Closed Toni-Chan closed 5 years ago
We follow the settings in (https://github.com/thunlp/NRE) to prepare our corpus which is used for text-entity alignments and training word embeddings. Pre-trained word embeddings are learned from New York Times Annotated Corpus (LDC Data LDC2008T19), which should be obtained from LDC (https://catalog.ldc.upenn.edu/LDC2008T19). Our alignments are also based on this data. Because of the license, I can not directly release this data. Maybe you can try to download this data.

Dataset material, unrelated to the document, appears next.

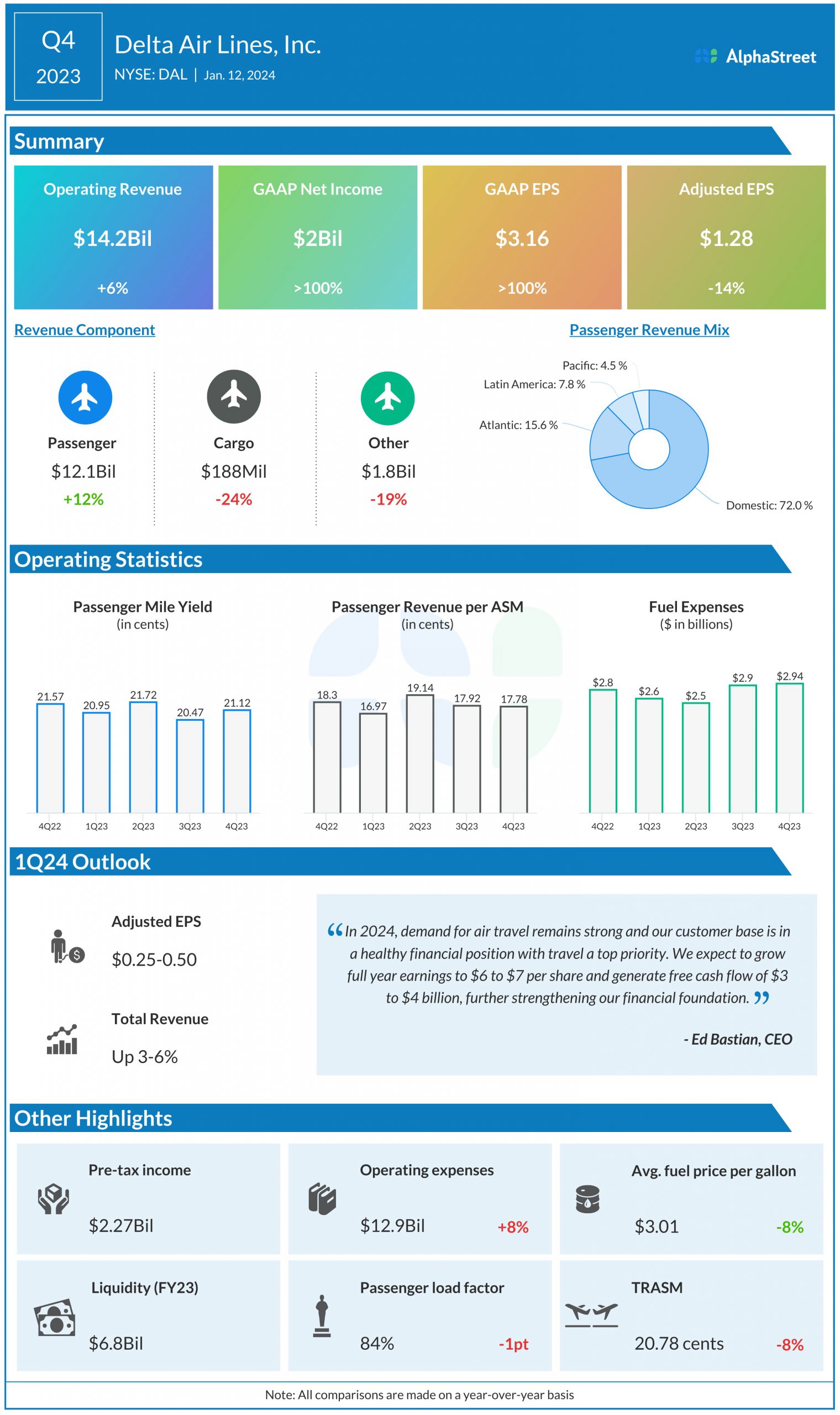 Delta reported operating revenue of $14.2 billion for the fourth quarter of 2023, which was up 6% from the same quarter a year ago and ahead of estimates of $13.5 billion. Adjusted operating revenues increased 11% to $13.7 billion. GAAP net income more than doubled from last year to $2 billion, or $3.16 per share. Adjusted EPS fell 14% year-over-year to $1.28 but surpassed projections of $1.16.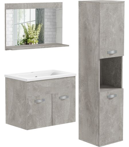 Kleankin Set Mobili Bagno con Mobile Lavabo 60cm e Lavandino in Ceramica, Colonna Bagno e Specchiera, Grigio Aosom

For link prediction, I align the knowledge graph FB15K to the New York Times Annotated Corpus (2008), based on entity anchors and entity names in Wikidata. You can download FB15K from the website or my another project https://github.com/thunlp/openke. But for the NYT-2008, you need to download the corpus from LDC and then align to FB15K by yourself. I think, to download the whole wikipedia and align it to FB15K is more easy.
Nah, I think I may have not expressed our concerns properly. I have sent you an email about the issues we encountered upon using the results from your paper (because our present approach requires comparison with other KG embedding/completion methods with text supervision, which you have mentioned in paper but not in code).
OK, I have received your mail.
We have noticed that you mentioned KG completion evaluation results. However in your code, the testing is for the relation extraction task. Can we know how you process with the KG completion task?